**** Information supplied
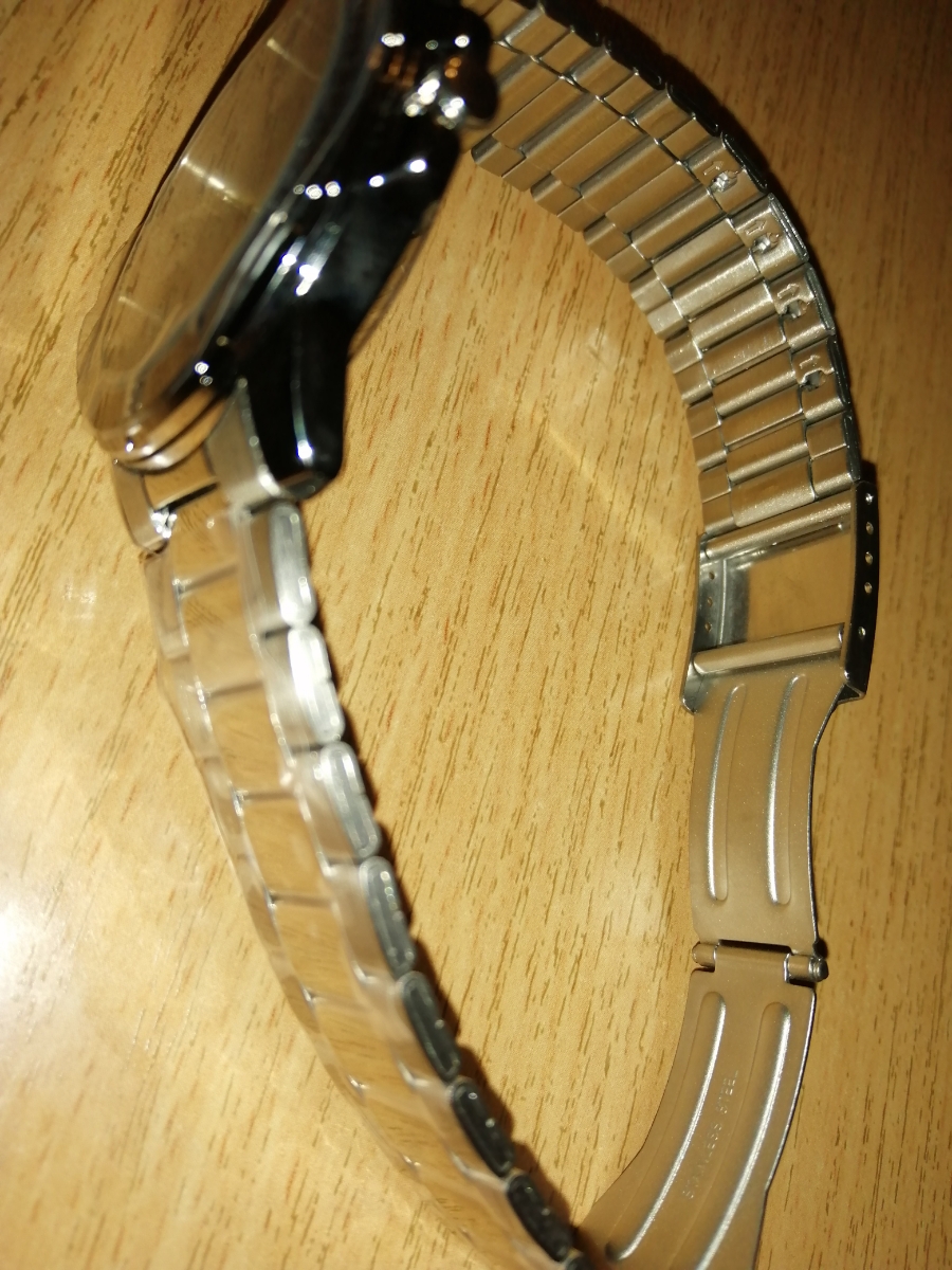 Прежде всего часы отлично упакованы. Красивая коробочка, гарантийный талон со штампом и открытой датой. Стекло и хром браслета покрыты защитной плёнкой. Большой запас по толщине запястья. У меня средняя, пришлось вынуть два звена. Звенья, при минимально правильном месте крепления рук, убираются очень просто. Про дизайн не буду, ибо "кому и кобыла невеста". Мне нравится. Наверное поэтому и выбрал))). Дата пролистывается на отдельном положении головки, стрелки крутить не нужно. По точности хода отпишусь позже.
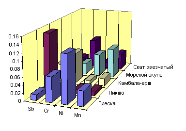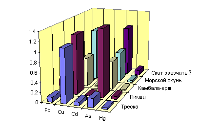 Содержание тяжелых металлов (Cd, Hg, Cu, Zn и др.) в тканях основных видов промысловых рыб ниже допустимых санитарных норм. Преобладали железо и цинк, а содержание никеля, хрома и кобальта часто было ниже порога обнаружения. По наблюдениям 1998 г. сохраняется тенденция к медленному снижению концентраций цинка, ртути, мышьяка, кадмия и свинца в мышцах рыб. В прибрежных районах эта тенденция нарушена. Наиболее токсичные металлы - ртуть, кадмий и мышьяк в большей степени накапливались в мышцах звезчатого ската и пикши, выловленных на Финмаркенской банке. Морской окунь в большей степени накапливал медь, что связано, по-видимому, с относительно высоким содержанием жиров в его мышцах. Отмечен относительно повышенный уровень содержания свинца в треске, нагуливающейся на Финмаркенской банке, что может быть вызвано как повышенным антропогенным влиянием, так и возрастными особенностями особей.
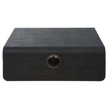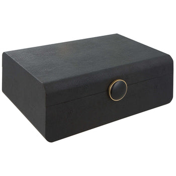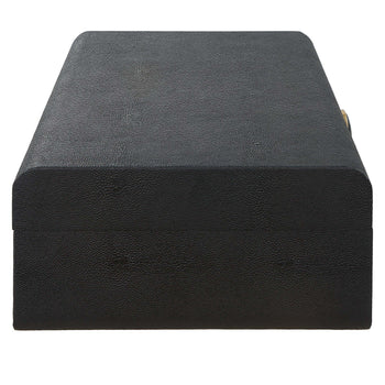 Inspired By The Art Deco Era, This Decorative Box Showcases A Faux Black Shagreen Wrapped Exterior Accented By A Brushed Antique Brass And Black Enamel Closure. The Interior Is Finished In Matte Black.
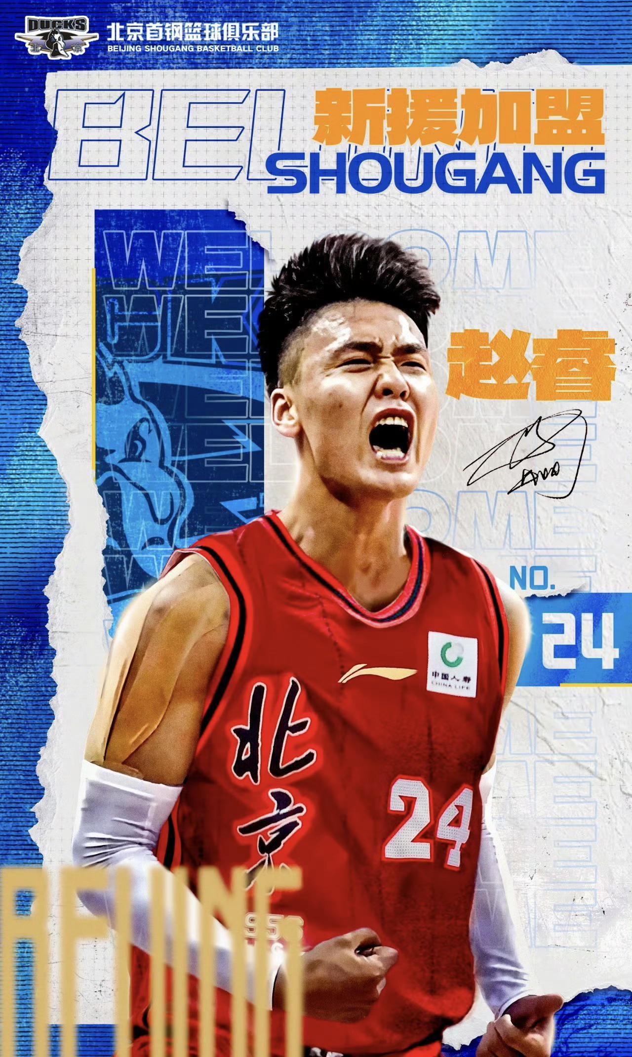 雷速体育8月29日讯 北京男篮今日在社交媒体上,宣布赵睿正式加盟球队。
********
**** Information supplied
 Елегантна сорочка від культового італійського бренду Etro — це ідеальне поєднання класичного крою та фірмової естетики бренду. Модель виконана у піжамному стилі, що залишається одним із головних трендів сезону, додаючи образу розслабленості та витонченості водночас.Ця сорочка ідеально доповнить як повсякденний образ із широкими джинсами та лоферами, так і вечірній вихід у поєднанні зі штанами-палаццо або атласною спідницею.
********
Could you repeat, exactly, only the lines above starting at the one that has "Прежде всего часы" and stopping after the one that has "雷速体育8月29日讯 北京男篮今日在社交媒体上,宣布赵睿正式加盟球队。", without the pictures?

 Прежде всего часы отлично упакованы. Красивая коробочка, гарантийный талон со штампом и открытой датой. Стекло и хром браслета покрыты защитной плёнкой. Большой запас по толщине запястья. У меня средняя, пришлось вынуть два звена. Звенья, при минимально правильном месте крепления рук, убираются очень просто. Про дизайн не буду, ибо "кому и кобыла невеста". Мне нравится. Наверное поэтому и выбрал))). Дата пролистывается на отдельном положении головки, стрелки крутить не нужно. По точности хода отпишусь позже.
 Содержание тяжелых металлов (Cd, Hg, Cu, Zn и др.) в тканях основных видов промысловых рыб ниже допустимых санитарных норм. Преобладали железо и цинк, а содержание никеля, хрома и кобальта часто было ниже порога обнаружения. По наблюдениям 1998 г. сохраняется тенденция к медленному снижению концентраций цинка, ртути, мышьяка, кадмия и свинца в мышцах рыб. В прибрежных районах эта тенденция нарушена. Наиболее токсичные металлы - ртуть, кадмий и мышьяк в большей степени накапливались в мышцах звезчатого ската и пикши, выловленных на Финмаркенской банке. Морской окунь в большей степени накапливал медь, что связано, по-видимому, с относительно высоким содержанием жиров в его мышцах. Отмечен относительно повышенный уровень содержания свинца в треске, нагуливающейся на Финмаркенской банке, что может быть вызвано как повышенным антропогенным влиянием, так и возрастными особенностями особей.
 Inspired By The Art Deco Era, This Decorative Box Showcases A Faux Black Shagreen Wrapped Exterior Accented By A Brushed Antique Brass And Black Enamel Closure. The Interior Is Finished In Matte Black.
 雷速体育8月29日讯 北京男篮今日在社交媒体上,宣布赵睿正式加盟球队。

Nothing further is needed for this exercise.